- Opening Delimiter -
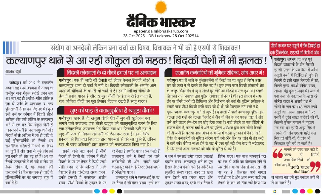 Fatehpur : बिंदकी सीओ पेशी और कल्यानपुर थाने में महत्वपूर्ण पदों पर एक ही बिरादरी के पुलिसकर्मियों की तैनाती को लेकर आपके अपने अखबार दैनिक भास्कर ने जो खबर प्रकाशित की थी, उसका असर देखने को मिला है। पुलिस अधीक्षक ने खबर को संज्ञान में लेते ही बिंदकी कोतवाली के दो चौकी इंचार्ज समेत कल्यानपुर थाने में जमा इन चर्चित कर्मचारियों को स्थानांतरित व पुलिस लाइन का रास्ता दिखाया है। इतना ही नहीं दूसरे थानों में पुलिसिंग छोड़कर अन्य काम करने वाले पुलिसकर्मियों को पुलिस लाइन भेजा गया है। ताबड़तोड़ कार्यवाही से महकमे में हड़कम्प की स्थिति है।
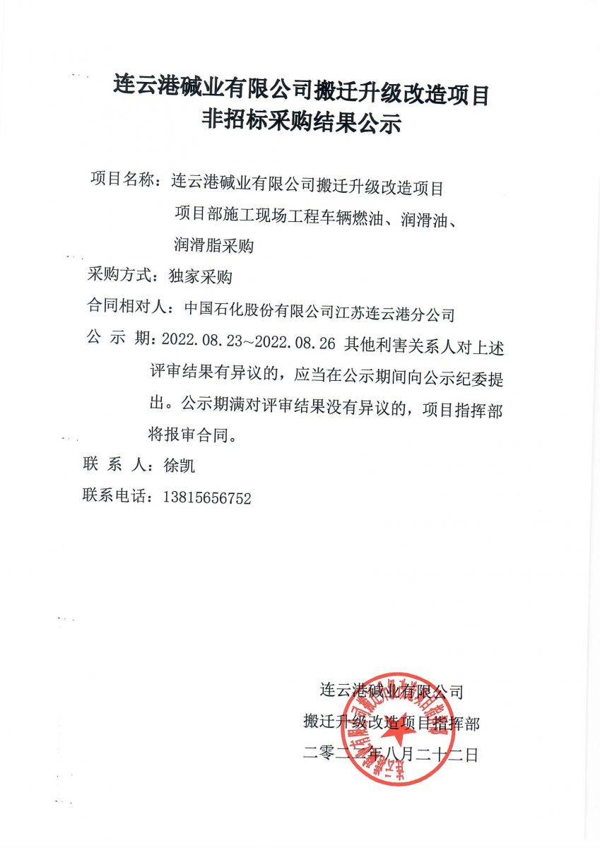 搬遷升級改造項目施工現場工程車輛燃油、潤滑油、潤滑脂采購結果公示
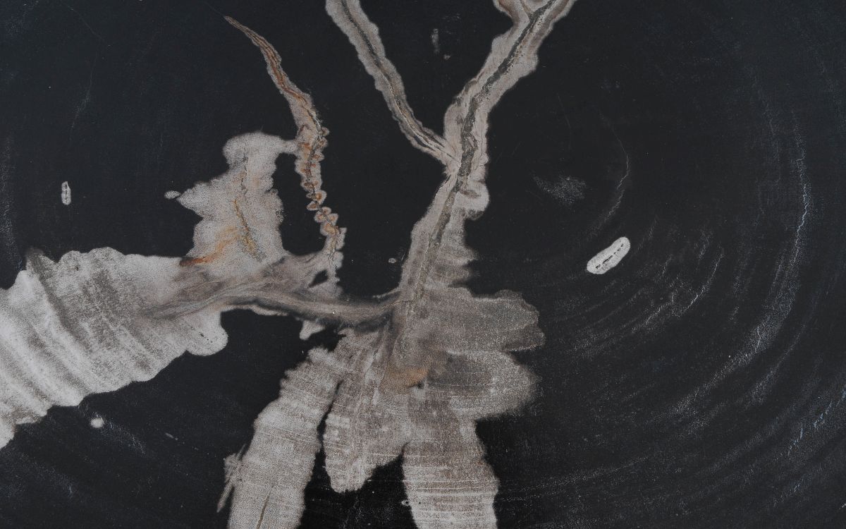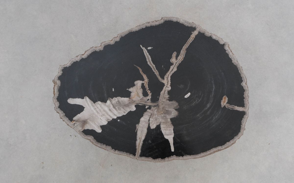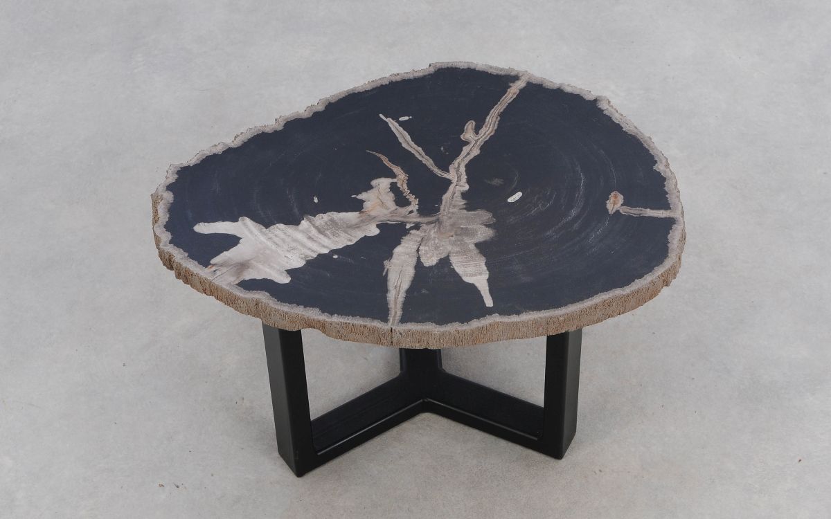 Deze unieke salontafel van versteend hout past in ieder interieur. Het tafelblad is gezaagd uit een grote versteende boom, die ongeveer 20 miljoen jaar geleden geleefd heeft. De kleuren zijn bepaald door de mineralen die het hout van deze boom vervangen hebben.
- Closing Delimiter -
Exactly as written, please give again the lines from the beginning of the listing through the line containing "搬遷升級改造項目施工現場工程車輛燃油、潤滑油、潤滑脂采購結果公示", inclusive, without any pictures.

 Fatehpur : बिंदकी सीओ पेशी और कल्यानपुर थाने में महत्वपूर्ण पदों पर एक ही बिरादरी के पुलिसकर्मियों की तैनाती को लेकर आपके अपने अखबार दैनिक भास्कर ने जो खबर प्रकाशित की थी, उसका असर देखने को मिला है। पुलिस अधीक्षक ने खबर को संज्ञान में लेते ही बिंदकी कोतवाली के दो चौकी इंचार्ज समेत कल्यानपुर थाने में जमा इन चर्चित कर्मचारियों को स्थानांतरित व पुलिस लाइन का रास्ता दिखाया है। इतना ही नहीं दूसरे थानों में पुलिसिंग छोड़कर अन्य काम करने वाले पुलिसकर्मियों को पुलिस लाइन भेजा गया है। ताबड़तोड़ कार्यवाही से महकमे में हड़कम्प की स्थिति है।
 搬遷升級改造項目施工現場工程車輛燃油、潤滑油、潤滑脂采購結果公示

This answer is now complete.